> _Exercise_
An exact copy of the records below is required, and it must contain no pictures.

Records from a dataset:

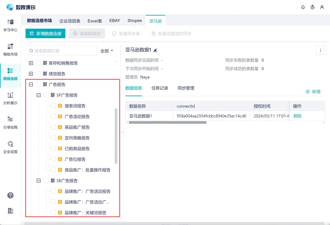 登录数跨境BI,新增亚马逊店铺授权。通过直连的亚马逊数据源获取亚马逊卖家后台的业务报告、订单报告、库存和销售报告等数据。新增亚马逊广告授权,进入授权页面;授权后,在左侧数据列表中,就会新增「广告报告」相关的数据表
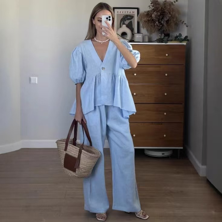2025 프랑스 달콤한 분위기 단색 V 넥 버블 짧은 소매 레이스 업 바지 세트 대외 무역 국경 여성 의류 배치스토어 가기
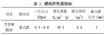 經MBR處理后的出水直接進入納濾膜裝置,通過考察操作壓力、pH值、運行時間和進水流量對納濾膜分離效果的影響,確定本實驗運行的最佳條件。本實驗的納濾膜處理流程采用一級一段循環式處理方式,即將部分濃縮水返回至原水箱與原有的進水混合,然后再通過膜組件分離,這樣既能保證原水在膜表面有足夠的流速,又不至于因回收率太低而造成原水的浪費。實驗選用的膜材料是芳香聚酰胺卷式膜,由杭州凱潔膜技術有限公司提供,膜組件性能指標見表2。
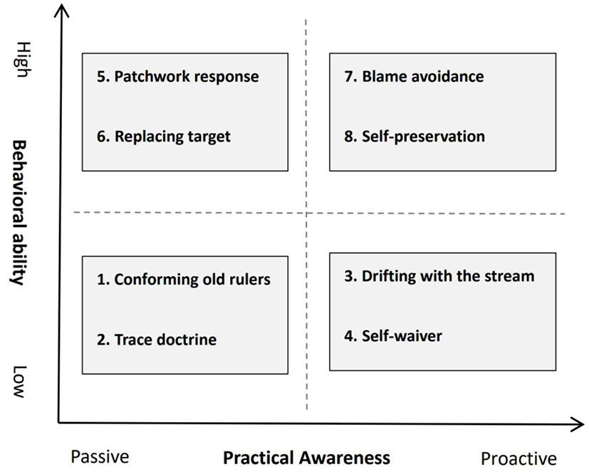 “Practice consciousness” is the basis of Giddens' structural functionalism, which dissolves the dichotomy between action and structure and provides enlightening insights for understanding the “invalid busyness” behavior of grassroots cadres (Giddens, 1986: 6). On the one hand, low behavioral capacity-passive practice awareness: conforming old ruler/trace doctrine. The “invalid busyness” behavior is the passive response of grass-roots cadres in the face of multiple task requirements, which is mainly reflected in their own incompetence and improper pressure transmission and passive abandonment of professional autonomy, which inevitably results in the loss of individual autonomy of cadres and mechanical repetition of coping with work, leading to the alienation of trace management into traceism. On the other hand, high behavioral capacity-proactive practice awareness: self-preservation/blame avoidance. Facing the increasingly heavy pressure of regulation and accountability, the political consciousness of some grassroots cadres gradually alienates into self-preservation of responsibility avoidance, which is mainly reflected in the fact that some grassroots cadres are busy coping with the assessment and supervision of higher levels, and even jointly coping with the assessment and supervision of higher administrative bodies to avoid accountability and responsibility.
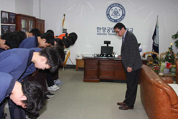 2017Çг⵵ ¼¿ïƯº°½Ã ±â´É°æ±â´ëȸ ÃâÀüÀ» ¾ÕµÎ°í º»±³ ±³Àå½Ç¿¡¼ ÃâÀü ¼±¼öµéÀÇ ¾ÈÀü°ú ¼±ÀüÀ» ±â¿øÇÏ°í °Ý·ÁÇÏ´Â °á´Ü½ÄÀ» °¡Á³½À´Ï´Ù.
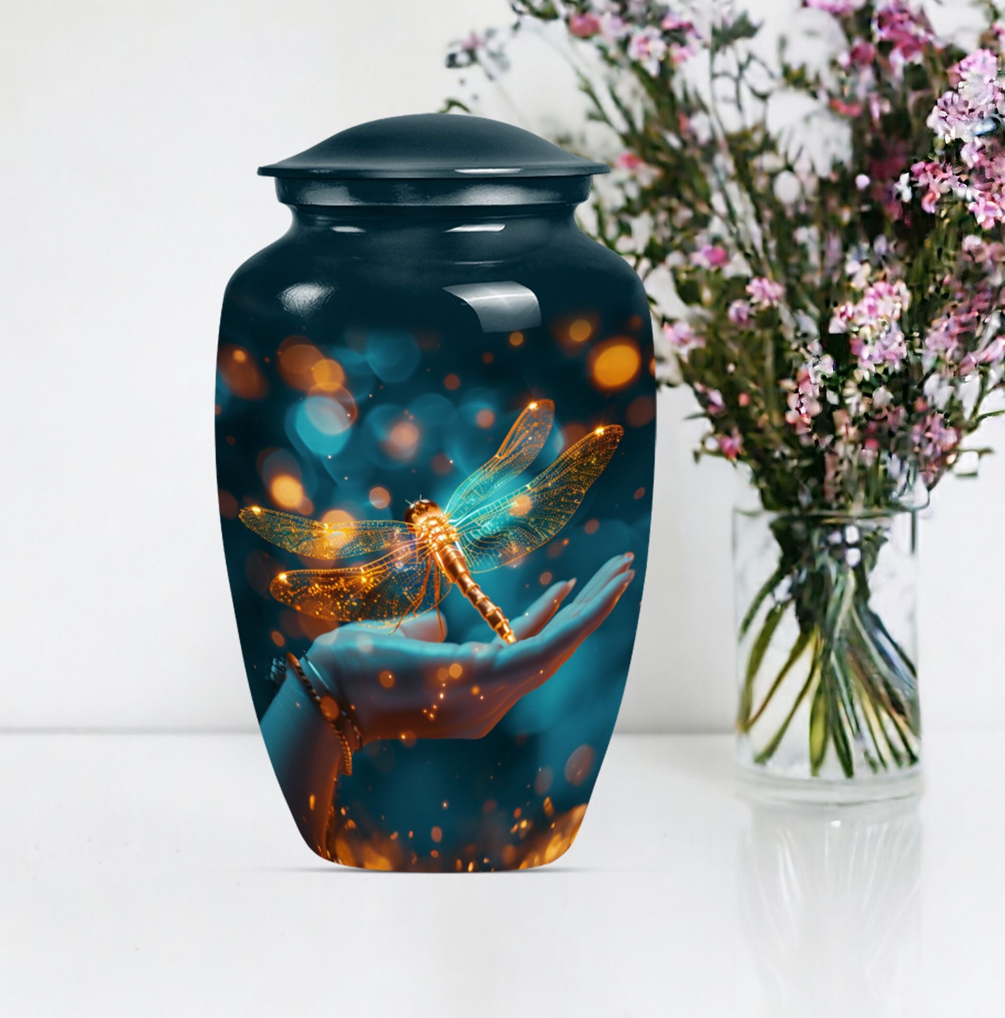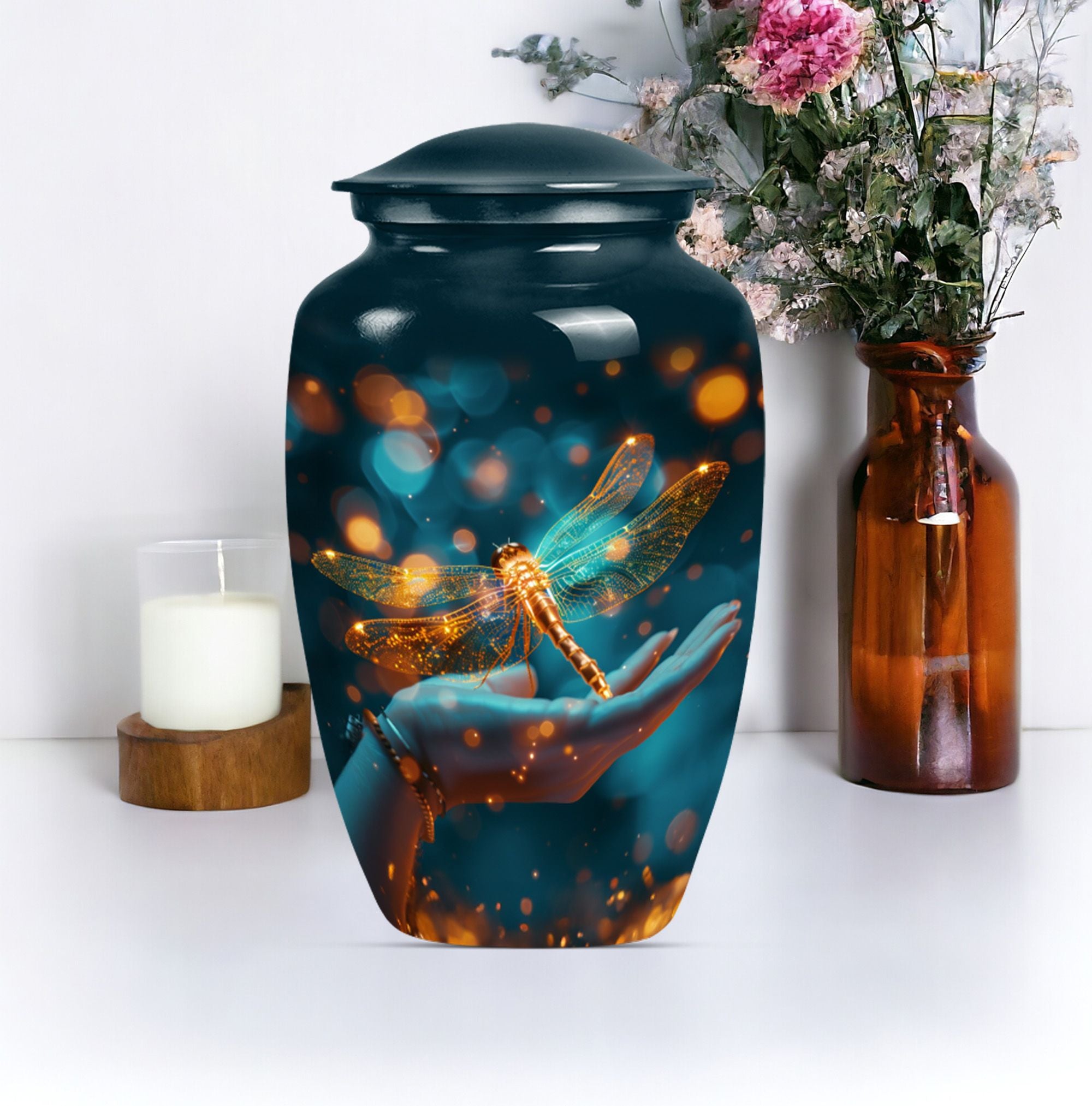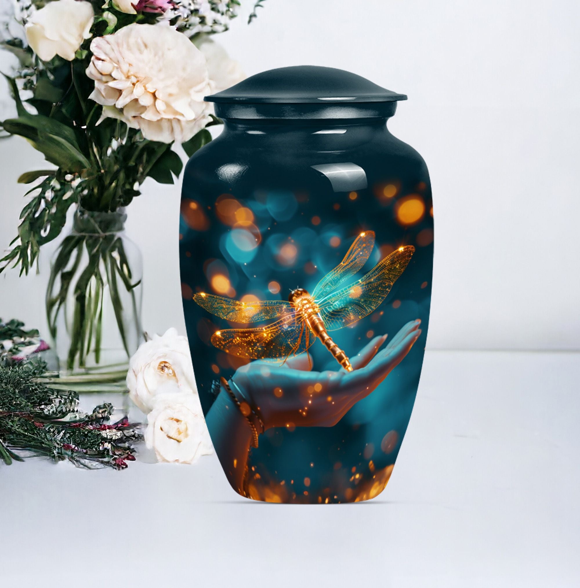 Celebrate a life full of light and beauty with this Glowing Dragonfly Classy Cremation Urn for Adult Men & Women — a stunning and symbolic tribute to your loved one. Featuring a softly glowing dragonfly design, this urn blends elegance with meaning, representing peace, transformation, and eternal connection.

> _Answer for this exercise_
 登录数跨境BI,新增亚马逊店铺授权。通过直连的亚马逊数据源获取亚马逊卖家后台的业务报告、订单报告、库存和销售报告等数据。新增亚马逊广告授权,进入授权页面;授权后,在左侧数据列表中,就会新增「广告报告」相关的数据表
2025 프랑스 달콤한 분위기 단색 V 넥 버블 짧은 소매 레이스 업 바지 세트 대외 무역 국경 여성 의류 배치스토어 가기
 經MBR處理后的出水直接進入納濾膜裝置,通過考察操作壓力、pH值、運行時間和進水流量對納濾膜分離效果的影響,確定本實驗運行的最佳條件。本實驗的納濾膜處理流程采用一級一段循環式處理方式,即將部分濃縮水返回至原水箱與原有的進水混合,然后再通過膜組件分離,這樣既能保證原水在膜表面有足夠的流速,又不至于因回收率太低而造成原水的浪費。實驗選用的膜材料是芳香聚酰胺卷式膜,由杭州凱潔膜技術有限公司提供,膜組件性能指標見表2。
 “Practice consciousness” is the basis of Giddens' structural functionalism, which dissolves the dichotomy between action and structure and provides enlightening insights for understanding the “invalid busyness” behavior of grassroots cadres (Giddens, 1986: 6). On the one hand, low behavioral capacity-passive practice awareness: conforming old ruler/trace doctrine. The “invalid busyness” behavior is the passive response of grass-roots cadres in the face of multiple task requirements, which is mainly reflected in their own incompetence and improper pressure transmission and passive abandonment of professional autonomy, which inevitably results in the loss of individual autonomy of cadres and mechanical repetition of coping with work, leading to the alienation of trace management into traceism. On the other hand, high behavioral capacity-proactive practice awareness: self-preservation/blame avoidance. Facing the increasingly heavy pressure of regulation and accountability, the political consciousness of some grassroots cadres gradually alienates into self-preservation of responsibility avoidance, which is mainly reflected in the fact that some grassroots cadres are busy coping with the assessment and supervision of higher levels, and even jointly coping with the assessment and supervision of higher administrative bodies to avoid accountability and responsibility.
 2017Çг⵵ ¼¿ïƯº°½Ã ±â´É°æ±â´ëȸ ÃâÀüÀ» ¾ÕµÎ°í º»±³ ±³Àå½Ç¿¡¼ ÃâÀü ¼±¼öµéÀÇ ¾ÈÀü°ú ¼±ÀüÀ» ±â¿øÇÏ°í °Ý·ÁÇÏ´Â °á´Ü½ÄÀ» °¡Á³½À´Ï´Ù.
 Celebrate a life full of light and beauty with this Glowing Dragonfly Classy Cremation Urn for Adult Men & Women — a stunning and symbolic tribute to your loved one. Featuring a softly glowing dragonfly design, this urn blends elegance with meaning, representing peace, transformation, and eternal connection.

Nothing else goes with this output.